The best thing to do is ask your vet, but certainly the vets I know will only prescribe Piriton or Piriteze; the latter has been tested for skin issues quite thoroughly.


----------



## Mum2Heidi (Feb 17, 2010)

Boots Piriton tablets! Also their own brand but the same drug 
Boots Pharmaceuticals Allergy Relief Antihistamine Tablets 1 Year 60 Tablets - Boots


----------



## mimi g (Mar 10, 2009)

Mum2Heidi said:


> Boots Piriton tablets! Also their own brand but the same drug
> Boots Pharmaceuticals Allergy Relief Antihistamine Tablets 1 Year 60 Tablets - Boots


Thanks...went in a boots today they didnt have these just the other 2 named alternatives.

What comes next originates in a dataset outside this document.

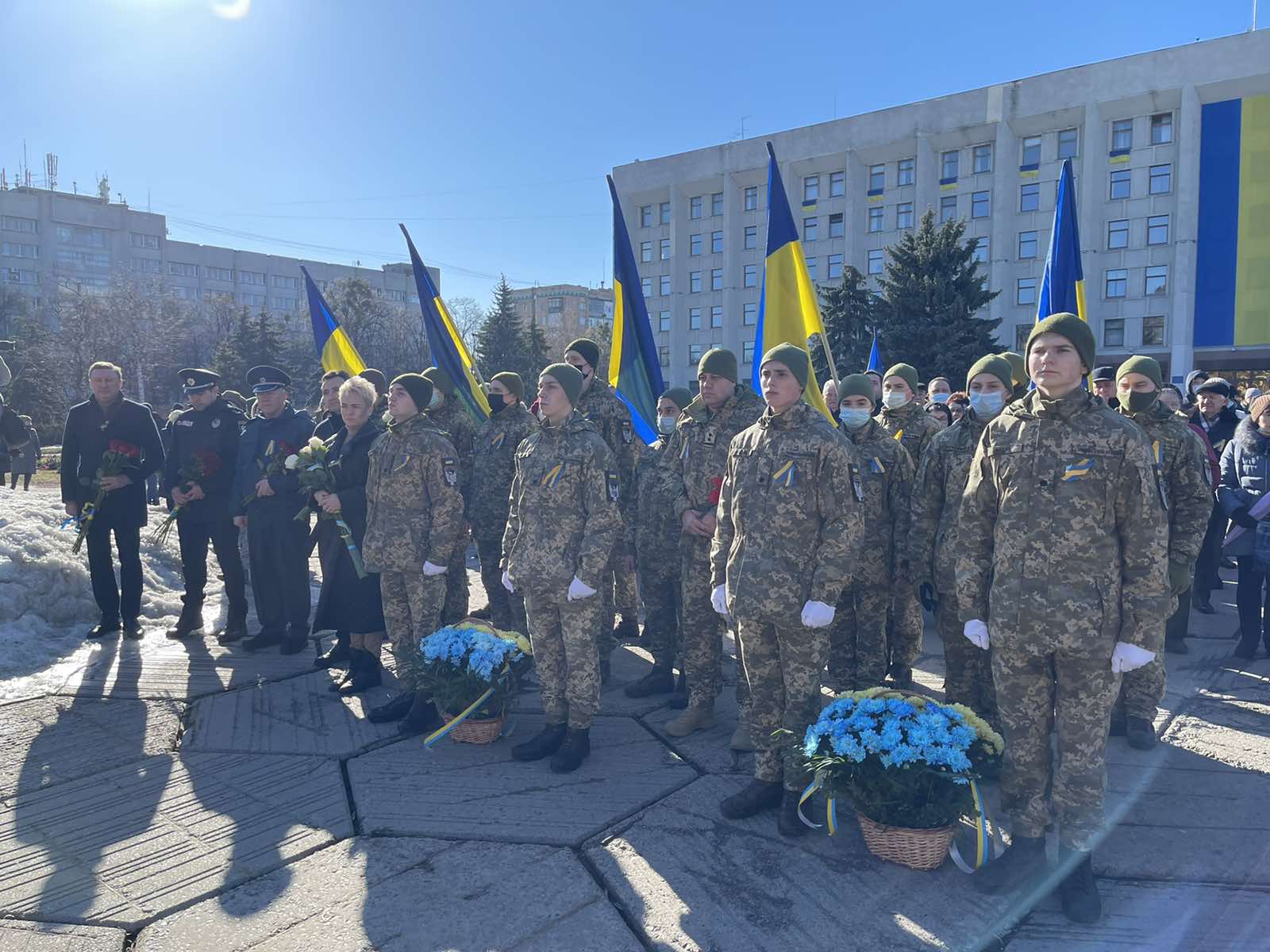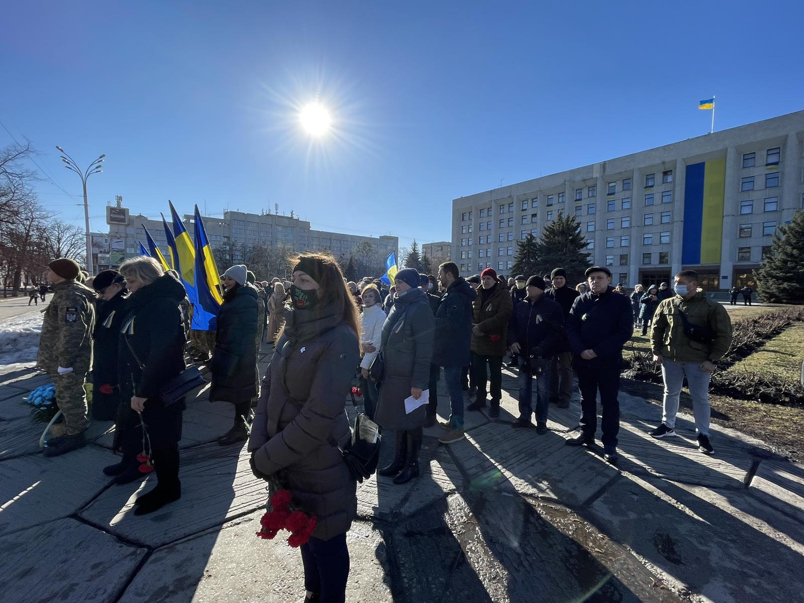 На площі перед адмінбудівлею Полтавської ОДА та обласної ради зібралися майже двісті людей. Присутні згадали трагічніші дні масових розстрілів протестувальників, хвилиною мовчання вшанували пам’ять загиблих, поклали квіти до меморіального знаку Героям Небесної Сотні та полеглим бійцям на сході України.

Oh just noticed website says out of stock...i think they are trying to dwindle these out been to boots, morrisons and asda now and not a whiff of piriton.

Think ill have to ring the vets, just worried as ive relocated and have a new vet they will ask to see him themselves and charge me £20 for the pleasure....he has just had 2 recent vets visits that werent cheap for an infected dew claw....why didnt i ask thenOH!xx


----------



## Mum2Heidi (Feb 17, 2010)

Sorry, I didnt think to check the stock

That's really peculiar - last year, I found the same as you, couldnt get piriton anywhere. Went into Lloyds earlier this year and there is was BOGOF. The assistant told me why it had been withheld, think it was something to do with doseage, (sorry cant remember).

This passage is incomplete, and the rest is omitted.